For most people, this derivation for the Fourier basis might even be easier to understand because Legendre polynomials are unfamiliar to many readers, especially the identities used in the LegT and LegS derivations. Readers are usually more or less familiar with Fourier series. However, from the results, this Fourier basis version might not be as practical as LegS. Firstly, it introduces complex numbers, which increases implementation complexity.
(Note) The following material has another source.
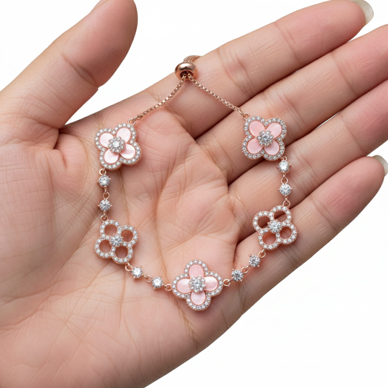 Su diseño, inspirado en jardines preciosos, combina armoniosamente el oro rosa y detalles perlados, creando una pieza que es a la vez elegante y romántica. Perfecto para ocasiones especiales o para añadir un toque sofisticado al uso diario, el Diamond Blossom es el accesorio ideal para quienes aman combinar feminidad con lujo discreto.

Secondly, the derived $A$ matrix is not a relatively simple lower triangular matrix like in LegS, making theoretical analysis more complex. Therefore, one can treat it as an exercise to deepen the understanding of HiPPO.
Article Summary
In this article, we supplemented the discussion on remaining issues of HiPPO introduced in the previous article. This included how to discretize ODEs, some excellent properties of the LegS-type ODE, and the derivation of results for memorizing the entire historical interval using the Fourier basis (the Fourier version of LegS), aiming to gain a more comprehensive understanding of HiPPO.